= Exercise requirements =
Using the records below, copy exactly the part that opens with the line holding "The formal living" and closes with the line holding "Dimeho 4 Pcs", minus the pictures.

= Given data =
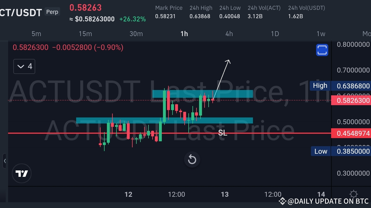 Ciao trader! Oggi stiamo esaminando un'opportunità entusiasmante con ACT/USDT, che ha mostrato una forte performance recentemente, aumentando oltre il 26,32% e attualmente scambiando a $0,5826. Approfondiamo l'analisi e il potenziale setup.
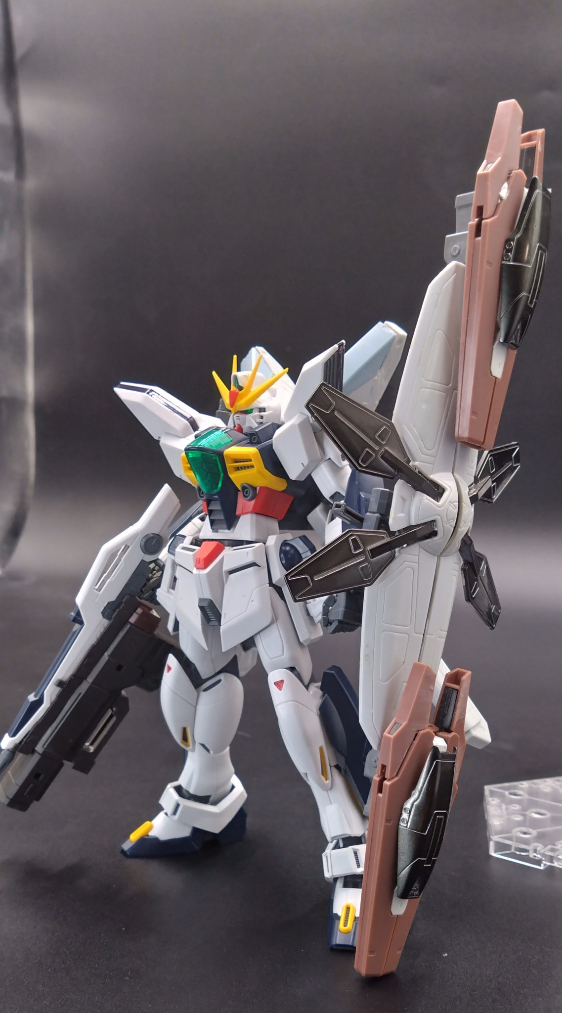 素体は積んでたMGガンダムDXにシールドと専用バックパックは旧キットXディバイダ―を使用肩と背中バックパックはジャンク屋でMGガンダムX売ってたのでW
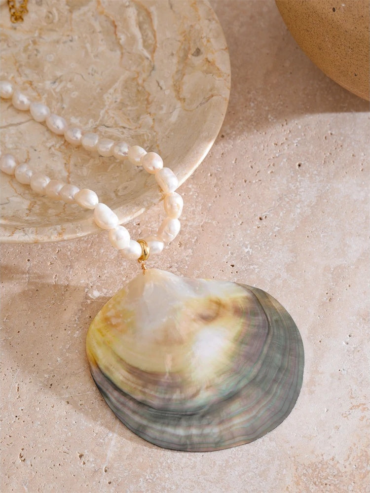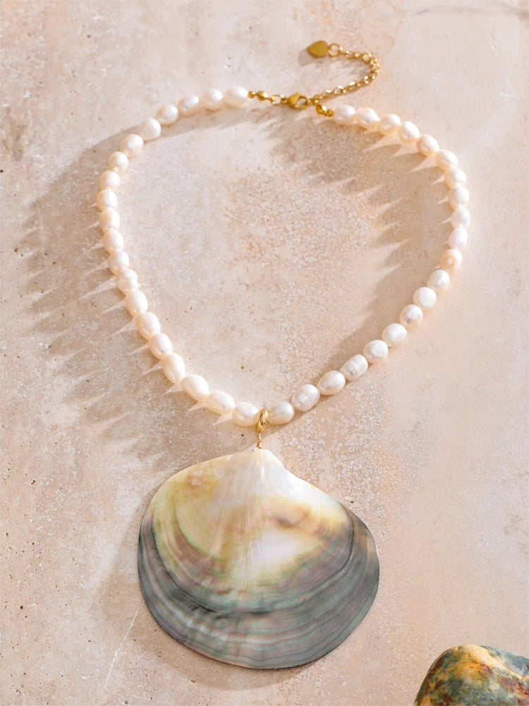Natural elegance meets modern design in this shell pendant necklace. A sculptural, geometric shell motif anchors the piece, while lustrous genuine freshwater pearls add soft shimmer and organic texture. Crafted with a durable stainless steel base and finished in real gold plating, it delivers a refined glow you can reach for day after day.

---

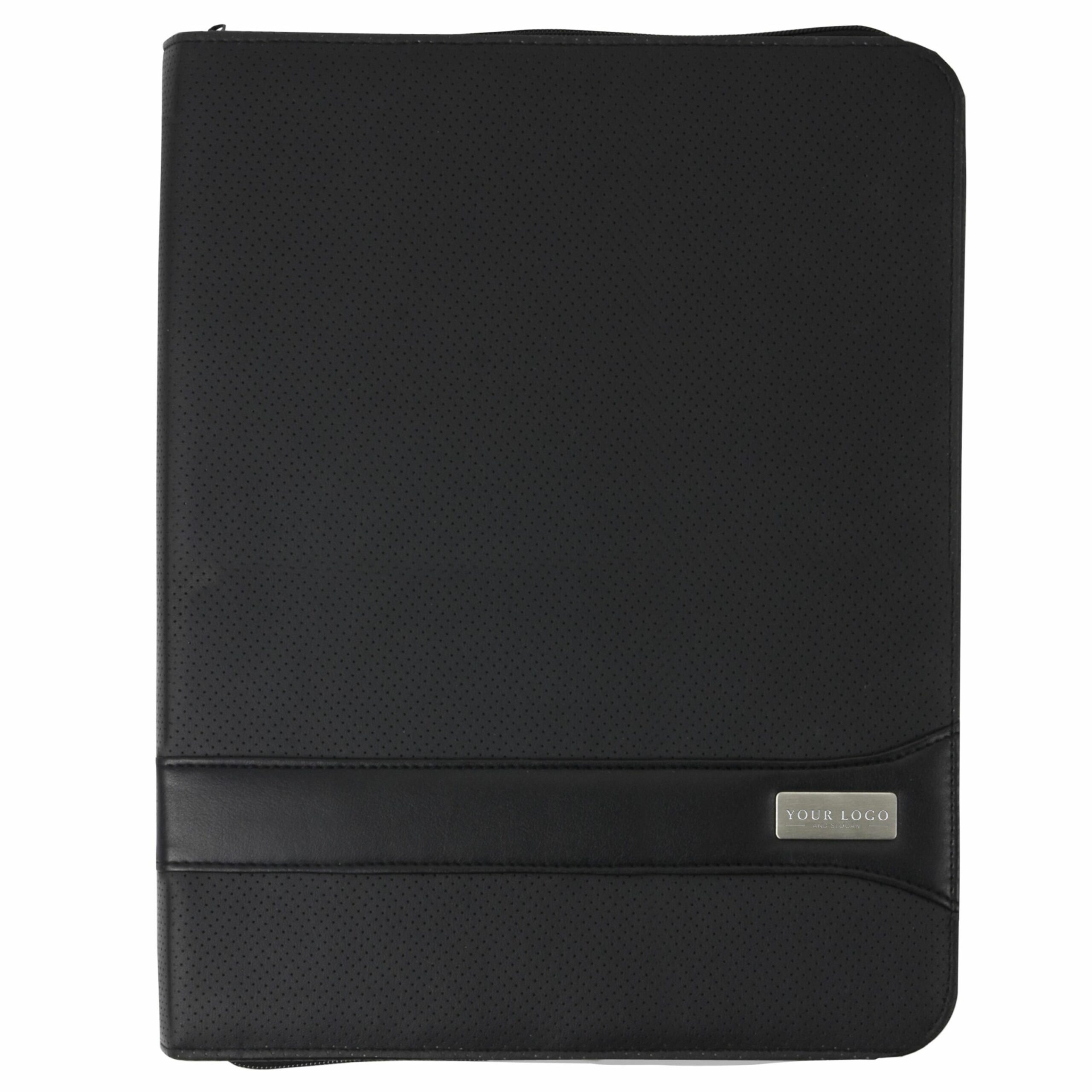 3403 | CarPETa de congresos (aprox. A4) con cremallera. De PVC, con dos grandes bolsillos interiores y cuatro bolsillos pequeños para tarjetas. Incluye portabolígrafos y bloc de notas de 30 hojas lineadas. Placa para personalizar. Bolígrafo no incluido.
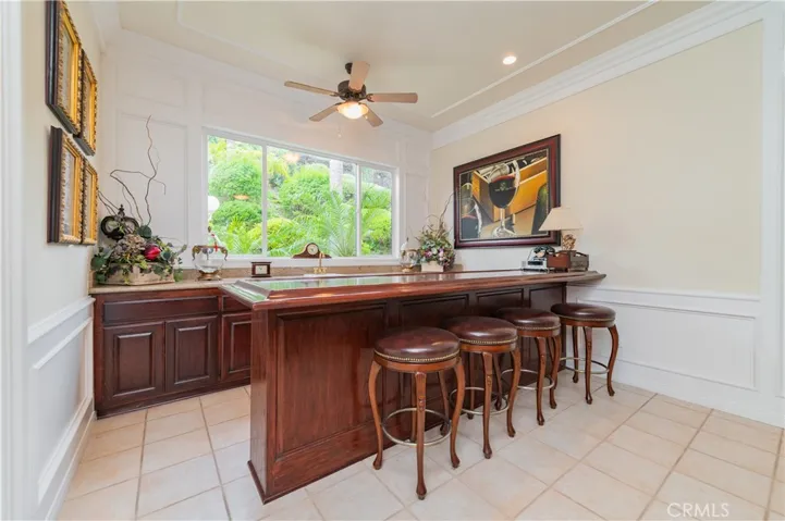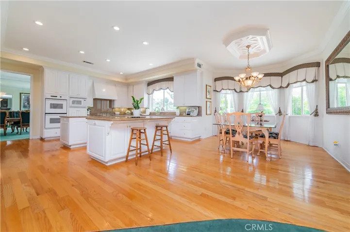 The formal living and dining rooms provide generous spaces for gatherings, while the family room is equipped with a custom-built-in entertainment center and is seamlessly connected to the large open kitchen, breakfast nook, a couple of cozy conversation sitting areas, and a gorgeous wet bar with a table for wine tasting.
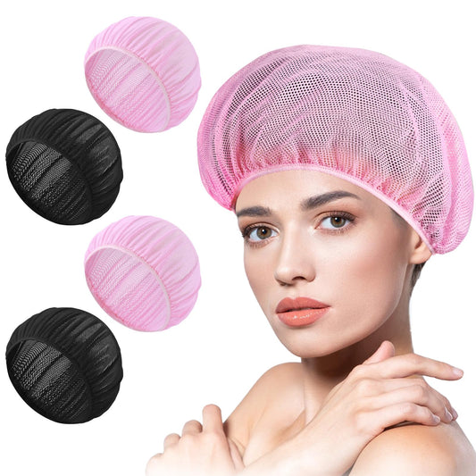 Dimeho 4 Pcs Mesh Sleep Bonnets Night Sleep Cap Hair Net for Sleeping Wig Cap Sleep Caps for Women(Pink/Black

==

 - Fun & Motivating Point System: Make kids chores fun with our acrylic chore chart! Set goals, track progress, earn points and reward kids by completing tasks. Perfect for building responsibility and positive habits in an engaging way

= Finished exercise =
 The formal living and dining rooms provide generous spaces for gatherings, while the family room is equipped with a custom-built-in entertainment center and is seamlessly connected to the large open kitchen, breakfast nook, a couple of cozy conversation sitting areas, and a gorgeous wet bar with a table for wine tasting.
 Dimeho 4 Pcs Mesh Sleep Bonnets Night Sleep Cap Hair Net for Sleeping Wig Cap Sleep Caps for Women(Pink/Black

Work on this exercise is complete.